(What is being asked):
Whenever a picture appears in the data, skip it and write out all other material exactly.

(Given information):
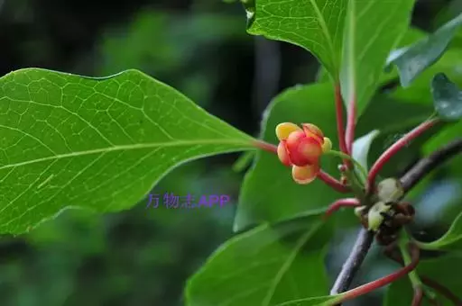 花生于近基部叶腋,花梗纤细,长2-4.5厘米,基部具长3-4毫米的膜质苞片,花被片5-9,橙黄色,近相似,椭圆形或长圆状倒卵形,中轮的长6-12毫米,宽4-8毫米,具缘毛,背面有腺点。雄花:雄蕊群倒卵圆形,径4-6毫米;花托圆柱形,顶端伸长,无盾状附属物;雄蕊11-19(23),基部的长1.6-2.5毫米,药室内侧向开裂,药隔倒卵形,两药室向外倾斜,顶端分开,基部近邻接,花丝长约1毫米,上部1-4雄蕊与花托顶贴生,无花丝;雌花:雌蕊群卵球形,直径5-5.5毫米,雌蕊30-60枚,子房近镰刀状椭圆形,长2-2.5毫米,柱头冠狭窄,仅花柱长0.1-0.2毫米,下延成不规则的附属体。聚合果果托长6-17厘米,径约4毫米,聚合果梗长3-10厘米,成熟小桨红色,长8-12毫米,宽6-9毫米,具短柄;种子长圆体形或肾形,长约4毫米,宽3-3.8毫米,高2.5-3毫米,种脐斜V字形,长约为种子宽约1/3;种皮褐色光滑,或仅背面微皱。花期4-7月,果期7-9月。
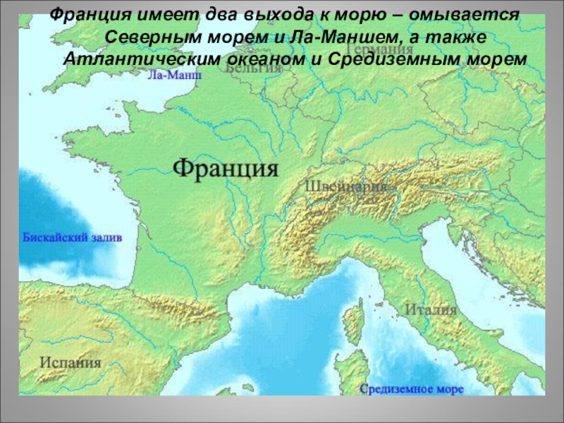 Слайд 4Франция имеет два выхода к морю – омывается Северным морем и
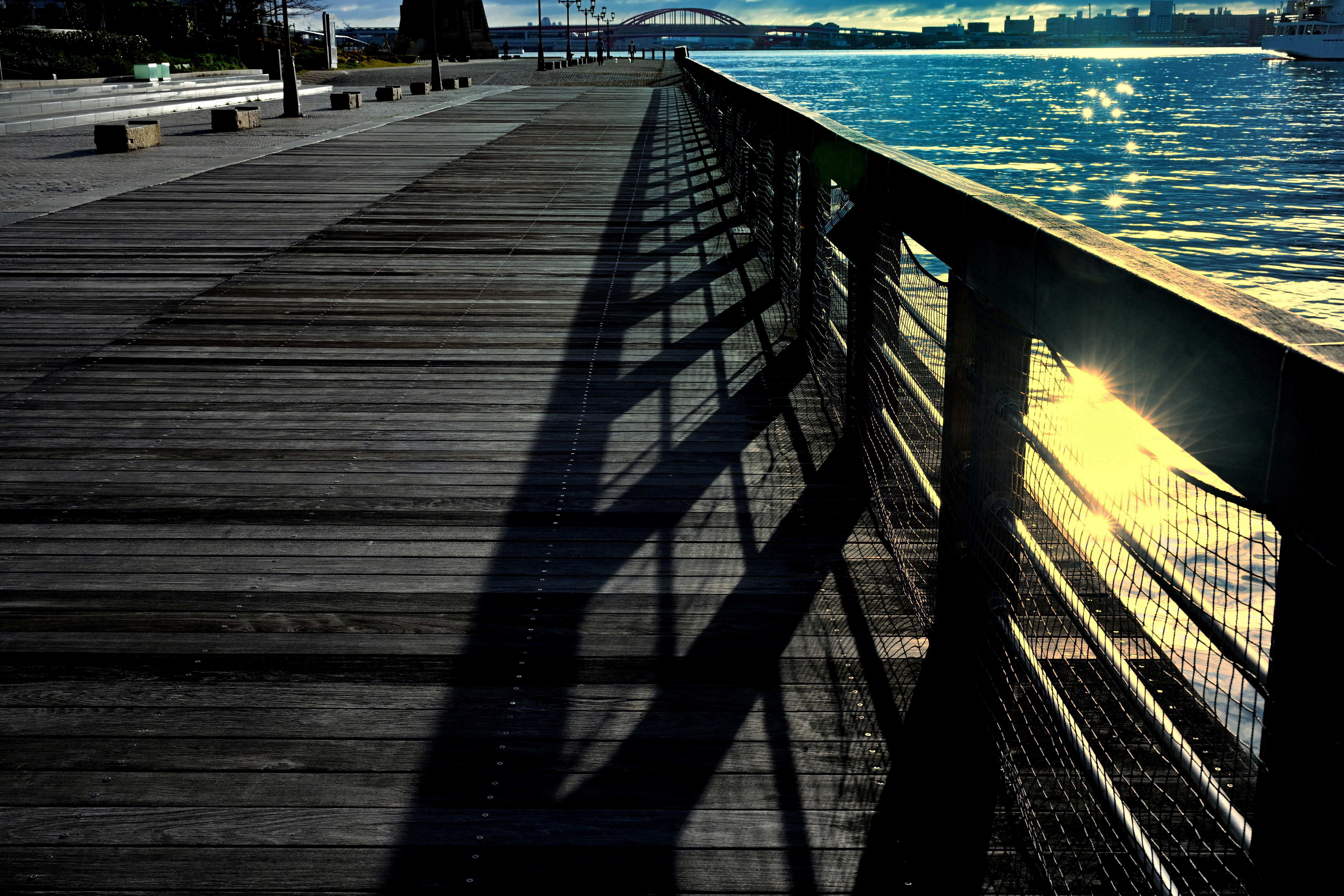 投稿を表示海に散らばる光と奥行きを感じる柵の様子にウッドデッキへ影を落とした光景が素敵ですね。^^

(Solution to the problem):
 花生于近基部叶腋,花梗纤细,长2-4.5厘米,基部具长3-4毫米的膜质苞片,花被片5-9,橙黄色,近相似,椭圆形或长圆状倒卵形,中轮的长6-12毫米,宽4-8毫米,具缘毛,背面有腺点。雄花:雄蕊群倒卵圆形,径4-6毫米;花托圆柱形,顶端伸长,无盾状附属物;雄蕊11-19(23),基部的长1.6-2.5毫米,药室内侧向开裂,药隔倒卵形,两药室向外倾斜,顶端分开,基部近邻接,花丝长约1毫米,上部1-4雄蕊与花托顶贴生,无花丝;雌花:雌蕊群卵球形,直径5-5.5毫米,雌蕊30-60枚,子房近镰刀状椭圆形,长2-2.5毫米,柱头冠狭窄,仅花柱长0.1-0.2毫米,下延成不规则的附属体。聚合果果托长6-17厘米,径约4毫米,聚合果梗长3-10厘米,成熟小桨红色,长8-12毫米,宽6-9毫米,具短柄;种子长圆体形或肾形,长约4毫米,宽3-3.8毫米,高2.5-3毫米,种脐斜V字形,长约为种子宽约1/3;种皮褐色光滑,或仅背面微皱。花期4-7月,果期7-9月。
 Слайд 4Франция имеет два выхода к морю – омывается Северным морем и
 投稿を表示海に散らばる光と奥行きを感じる柵の様子にウッドデッキへ影を落とした光景が素敵ですね。^^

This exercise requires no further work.